* _RECORDED INFORMATION_
________

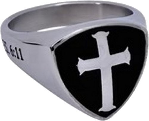 High polish stainless steel ring with high polish cross on black matte finish shield. Engraved and black enamel filled scripture wraps band reading, Guarded In Christ Jesus – Phil. 4:7 . Traditional Class Ring look without overpowering size.
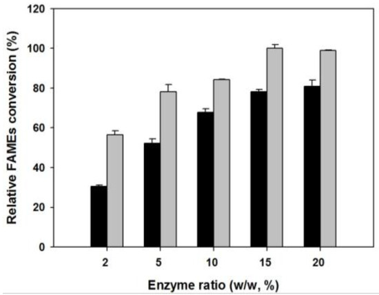 Effect of the enzyme-to-soybean oil weight ratio on the transesterification reaction. Reaction conditions: 0.874 g of soybean oil, 4.5:1 molar ratio of DMC to oil, 0.5 v/v % of water, with different enzyme-to-oil ratios at 50 °C for 3 h and 12 h. Symbols: 3 h (black bar), 12 h (gray bar).
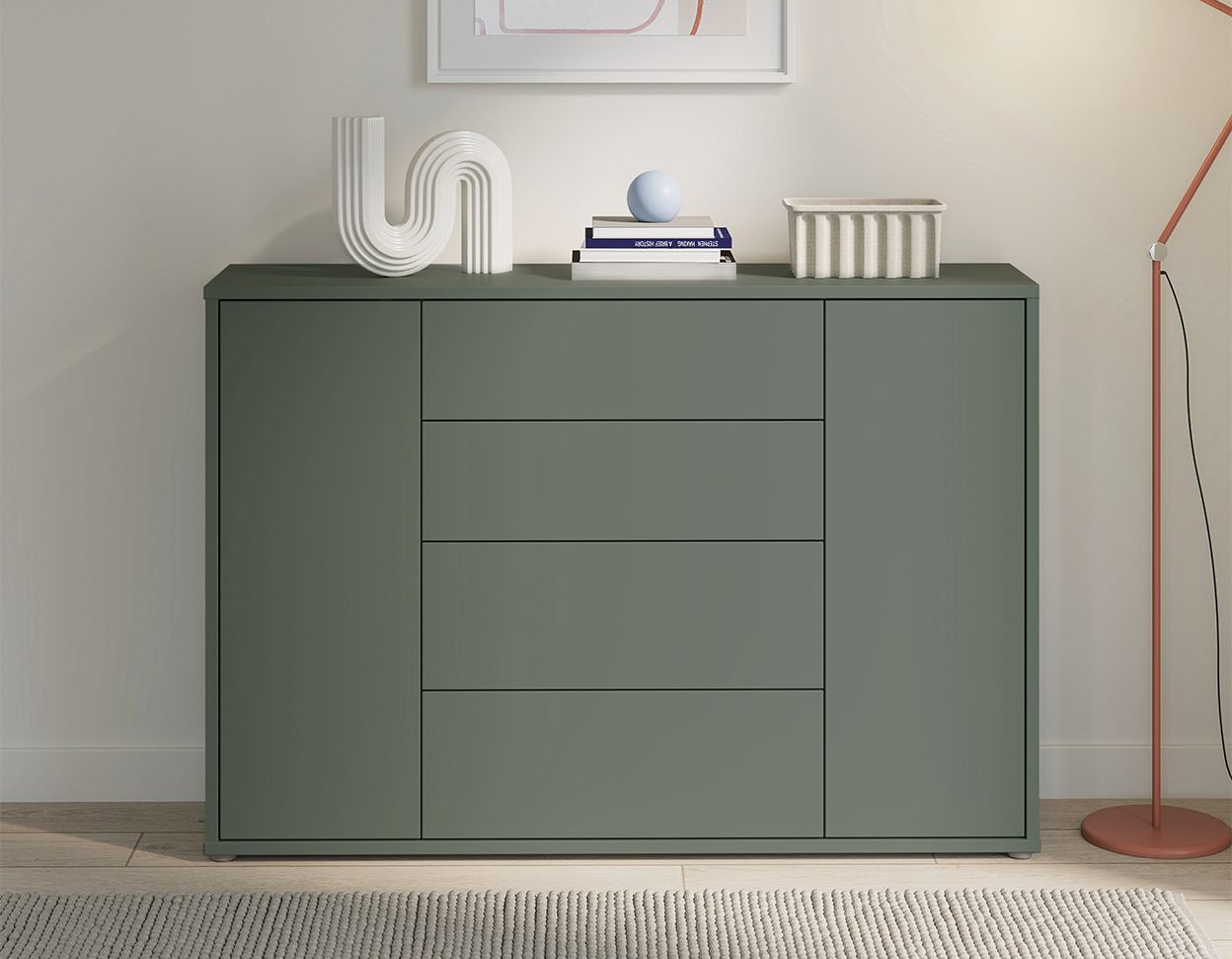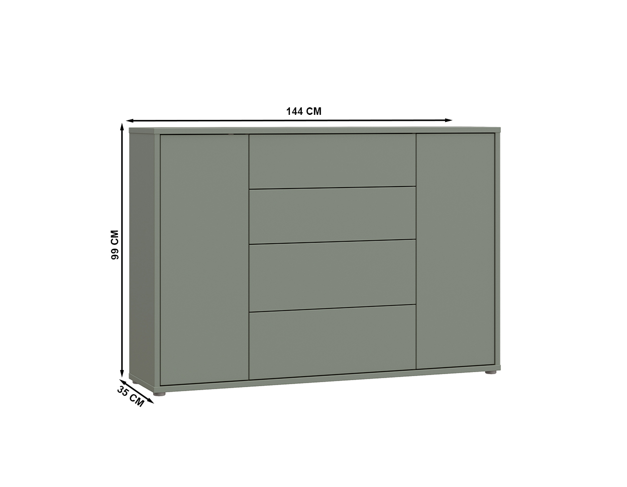 • Kummutil on kaks ust ja neli sahtlit, uste taga on riiulid

________

* _WHAT IS NEEDED_
Set the pictures aside and transcribe the data above exactly.

* _WRITTEN RESPONSE_
 High polish stainless steel ring with high polish cross on black matte finish shield. Engraved and black enamel filled scripture wraps band reading, Guarded In Christ Jesus – Phil. 4:7 . Traditional Class Ring look without overpowering size.
 Effect of the enzyme-to-soybean oil weight ratio on the transesterification reaction. Reaction conditions: 0.874 g of soybean oil, 4.5:1 molar ratio of DMC to oil, 0.5 v/v % of water, with different enzyme-to-oil ratios at 50 °C for 3 h and 12 h. Symbols: 3 h (black bar), 12 h (gray bar).
 • Kummutil on kaks ust ja neli sahtlit, uste taga on riiulid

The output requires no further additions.